Major averages finished Friday with mixed performance on lower volume. Fed Chair Janet Yellen said nothing unexpected during her speech at the annual Jackson Hole, Wyoming conference. She said the recent drop in the unemployment rate overstated the labor market's health, thus implied the Fed will not be hiking rates anytime soon. Thus the Fed remains stuck.
Year-to-date, the NASDAQ Composite is up 8.6% and the S&P 500 is up 7.6%. Fund managers of all stripes continue to struggle in this manufactured QE environment as they fail to keep up with their bogeys. Indeed, the latest from the trend following wizards show them near breakeven for the year: http://www.automated-trading-system.com/trend-following-wizards-in-july/, and have been well underperforming since 2009. Unprecedented times.
Nevertheless, pocket pivots and buyable gap ups continue to work well, and moving to the safety of cash or a short position when the market does have more than a small correction can be quickly profitable as we've discussed in detail in our webinars. Gil Morales has achieved solid mid-double-digit results so far in 2014 using "roundabout" or "bottom-fishing" pocket pivots, shunning breakouts, selling into strength when a position has a 10-20% profit, and engaging in tactical short-selling when the market corrected in late January and again in March-April. Thus there are ways to conquer this market, and utilizing pocket pivots and buyable gap-ups in a manner that is not always obvious to the crowd offers a concrete method with which to do so.
This relentless uptrend began in 2009 then continued in January 2013 without so much as a correction beyond 6.1% on the S&P 500 due to a number of central banks jumping on the QE bandwagon in full measure. The many economic issues at home and abroad as well as skirmishes between various nations (Russia, Ukraine, Israel, Palestine, etc) so far have only caused short term corrections as the market is quick to find a floor. And when all hell seems about to break loose as it did earlier this year in February and then April and most recently August, the market starts to quietly tip toe higher. It has repeated this behavior a number of times prior to this year, as we all remember how bad things looked in June 2013, November 2012, and June 2012.
So while market participants continue to wait for "the big crash", over the last century, such major market action has always been preceded by ample warning signs. The Fed by way of QE has managed to keep rates at unprecedentedly low levels, but should the Fed lose control of interest rates due to an accelerating inflation rate, the stock market will most likely telegraph such aberrant action ahead of time. Of course, the market lives to surprise and such action could instead fuel stock markets higher either due to a weakening dollar or an economy that finally gains traction. Historically speaking, rising rates after a prolonged period of low rates usually indicates a strengthening economy, which in turn, pushes the stock market higher. What the Fed wants to avoid is a period of prolonged stagflation where inflation spikes leaving no room for QE while growth remains stagnant due to higher rates which remain high because the Fed has no room to print money.
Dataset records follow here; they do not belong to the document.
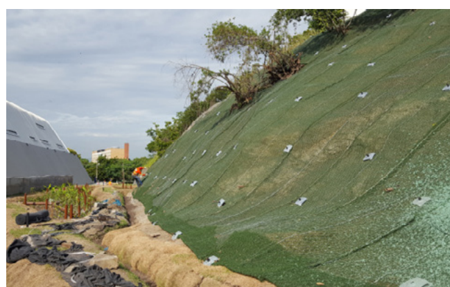
MacMat® R soil stabilisation in industrial park

Maccaferri Ltd T: +(44) 01865 770 555 E: info.uk@maccaferri.com
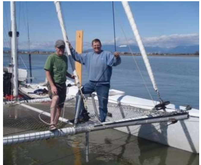
New bowsprit, jib furler, reacher furler
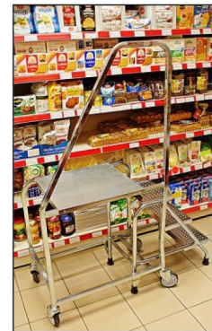
3 Step Mobile Merchandising Table
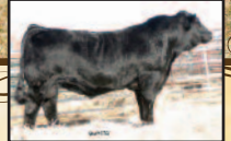
ACC1 Hustler 2N
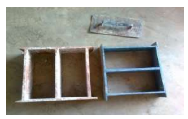
Fig. 1: Concrete bricks moulds.

Research paper© 2012 IJFANS. All Rights Reserved, Journal Volume 11, Iss 10, 2022
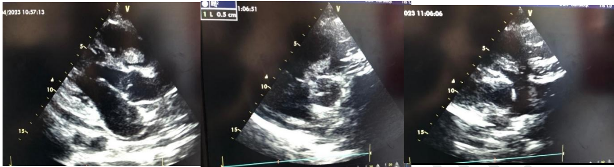
Figure 1: Transthoracic echocardiography showed an enormous vegetation measuring 35 x33 mm inserted on the perimembranous ventricular septal defect extended through the pulmonary infundibulum to the main pulmonary artery during systole

of appropriate antibiotic therapy, she had persistent fever with rising CRP, repeated a CT scan of the thorax demonstrated multiple septic pulmonary emboli. Therefore, in consensus with our endocarditis team, including a cardiac surgery evaluation, and given the hemodynamic and embolic risk, we decided to perform surgical treatment, segmentectomy, VSD patch closure and tricuspid valve plasty depending on surgical exploration. The patient's postoperative course was uneventful and he was discharged 2 weeks after surgery.
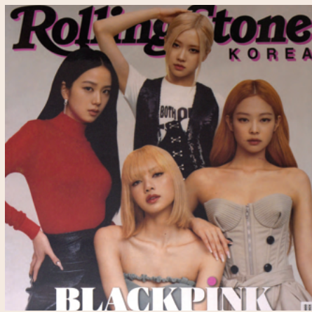
Rolling Stone magazine, Korea, July 2022 MoPOP Permanent Collection

Star Wars revolutionized the film industry with its groundbreaking special effects, epic storytelling, and immersive universe with iconic characters that have become deeply embedded in popular culture, transcending the realm of movies. It has spawned a massive franchise that includes multiple films, TV series, books, comics, video games, and merchandise. The franchise's influence can be seen in countless references, parodies, and homages across various media.
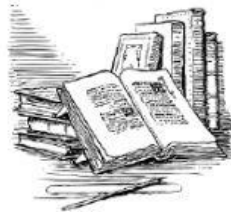
Writing books that teach students about their deen
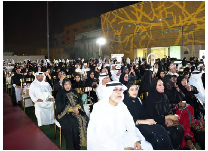
Families proudly watching the ceremony

During the graduation ceremony, a short film was screened highlighting the development of ADPoly's journey. At the end of the ceremony, the graduates were awarded their graduation certificate and took a group photo to mark the closing of the event.
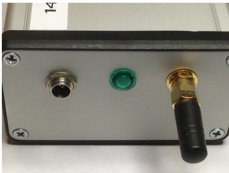
Transceiver unit with WiFi Antenna attached

Antenna is specifically designed by Roving Networks to be used on their WiFi Module. Part number is RN-SMA-S-RP. This is a reverse polarity connector.
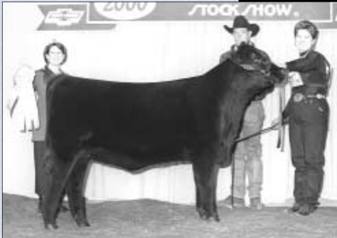
Reserve winter heifer calf champion DAJS Faline J902
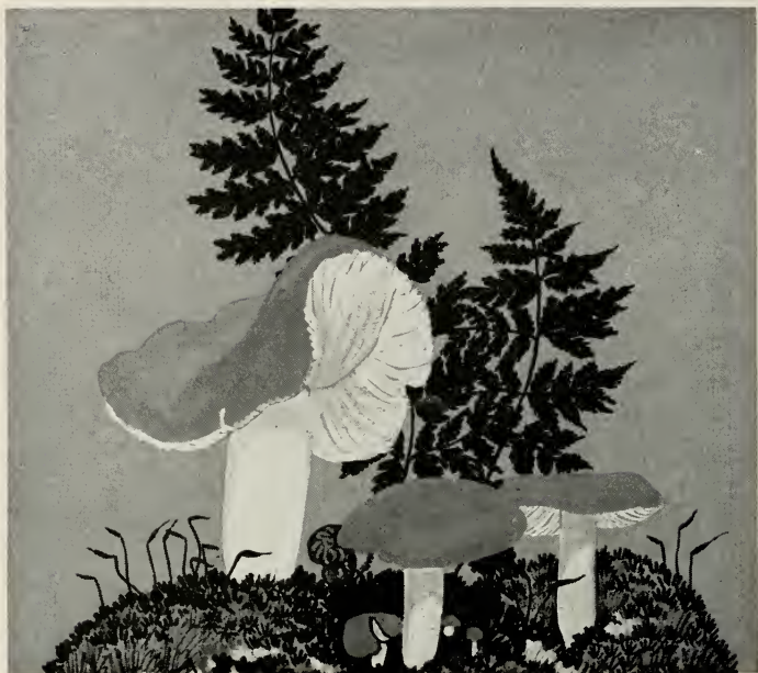
l. to r.: Purple Russula ( Russula purpurina ), Inch Russula ( R. uncialis ). Edible. Summer. Nat. size.

The MDM will continue to utilize short term signals to move to the safety of cash as even if a crash doesn't occur, market corrections of several percent can and will occur. MDM will also utilize longer term strategies to stay long an uptrend as it did from May 13 to July 10 of this year, and most recently on August 20.
Keep in mind that minor corrections of as little as a few percent in the major indices has resulted in itchy institutional trigger fingers which push leading stocks lower a lot faster, so keep your stops tight or sell into strength. Nimble reaction times are required to benefit in this manipulated environment. The same itchy trigger fingers then are quick to buy back as fund managers must not be left behind in a manufactured market environment that continues to push the major indices relentlessly higher, thus correcting markets find a floor relatively quickly.